New York - Uber may be able to force a feud over price-fixing claims with a Connecticut customer into private arbitration, a New York appeals panel ruled on Thursday in a victory for the company’s efforts to settle disputes out of court.
The appeals court in Manhattan on Thursday reversed a 2016 decision by US District Judge Jed Rakoff, who said Uber’s online user agreement didn’t provide the customer with enough notice that disputes would be heard in private arbitration for it to be binding.
The case is one of several cases testing the ride-hailing company’s attempts to force disputes into arbitration and away from public courtrooms, a tactic that former CEO Travis Kalanick has also used even after being ousted from the company in June. Earlier this week, Kalanick said a suit brought by the venture-capital firm Benchmark seeking his removal from Uber’s board should be heard in arbitration.
Uber is also attempting to move its fight with Waymo over trade secrets for driverless cars into arbitration. It won a similar battle in California last year when a federal appeals court ruled that most Uber drivers can be forced to resolve their disputes through arbitration.
The Connecticut customer, Spencer Meyer, sued Uber in 2015 saying that its pricing algorithm violates antitrust laws used to protect customers from price manipulation. He is seeking damages on behalf of millions of US riders who rely on the company for transportation.
Rakoff in July 2016 declined Uber’s request to throw out the suit and have the matter sent to an arbitrator. The judge said the process Meyer used to register for Uber’s service didn’t adequately notify him that he was waiving his right to have claims heard in court.

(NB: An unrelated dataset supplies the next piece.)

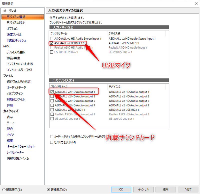 一般的なオーディオインターフェースの設定の場合「入力と出力は同じ機材しか選べない」場合がほとんどなのですが、汎用ドライバであるASIO4ALLの場合だとこういった融通の聞く設定ができるのもうれしいところ。

The appeals court found that Uber provided "reasonably conspicuous notice" of its terms of service and that Meyer agreed to arbitrate his claims, saying that he "unambiguously manifested his assent." It sent the case back to Rakoff to consider Meyer’s argument that Uber waived its right to arbitration in the dispute by actively litigating the case.
“This ruling does not grant defendants the right to throw this case into arbitration,” Meyer’s lawyer Brian Feldman said in an emailed statement. “The defence waived that right. We look forward to pressing ahead with the litigation.”
An Uber representative didn’t immediately return an email seeking comment on the ruling.